## The data
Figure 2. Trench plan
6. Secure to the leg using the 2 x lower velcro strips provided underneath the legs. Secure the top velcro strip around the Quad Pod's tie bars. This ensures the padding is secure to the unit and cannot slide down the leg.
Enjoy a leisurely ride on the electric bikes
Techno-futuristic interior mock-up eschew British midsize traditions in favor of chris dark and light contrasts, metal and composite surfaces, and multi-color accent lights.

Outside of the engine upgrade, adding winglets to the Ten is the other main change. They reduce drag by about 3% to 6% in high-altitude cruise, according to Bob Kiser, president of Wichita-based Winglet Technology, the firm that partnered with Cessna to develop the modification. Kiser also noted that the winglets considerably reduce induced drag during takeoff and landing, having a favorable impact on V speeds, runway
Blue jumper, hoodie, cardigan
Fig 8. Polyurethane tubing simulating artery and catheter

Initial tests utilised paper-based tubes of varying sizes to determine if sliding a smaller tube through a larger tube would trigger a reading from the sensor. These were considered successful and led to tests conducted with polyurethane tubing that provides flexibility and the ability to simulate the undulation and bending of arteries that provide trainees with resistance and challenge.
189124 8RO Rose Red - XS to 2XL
--
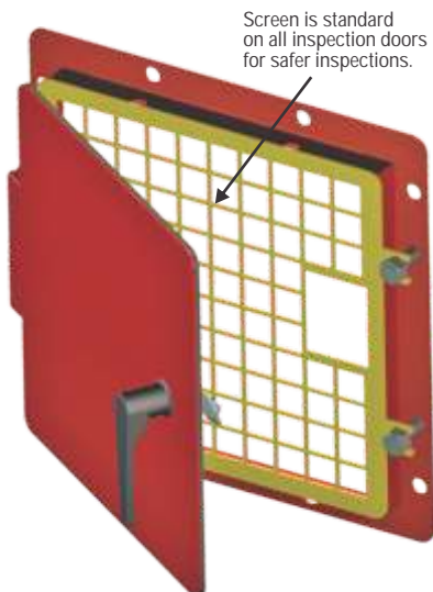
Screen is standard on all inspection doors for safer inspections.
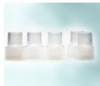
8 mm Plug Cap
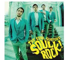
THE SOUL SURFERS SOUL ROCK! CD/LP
* * *
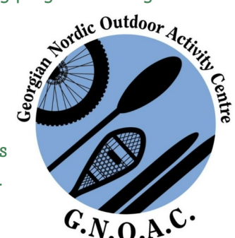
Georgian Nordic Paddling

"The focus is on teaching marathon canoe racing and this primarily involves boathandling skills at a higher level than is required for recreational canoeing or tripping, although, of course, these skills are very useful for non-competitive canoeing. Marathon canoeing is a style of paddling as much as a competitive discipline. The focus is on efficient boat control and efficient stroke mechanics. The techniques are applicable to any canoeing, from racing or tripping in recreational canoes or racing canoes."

## Instructions for the task
All that is needed is the exact run of lines above from the line containing "Figure 2. Trench plan" through the line containing "6. Secure to", both of them included.

## Exercise result
Figure 2. Trench plan
6. Secure to the leg using the 2 x lower velcro strips provided underneath the legs. Secure the top velcro strip around the Quad Pod's tie bars. This ensures the padding is secure to the unit and cannot slide down the leg.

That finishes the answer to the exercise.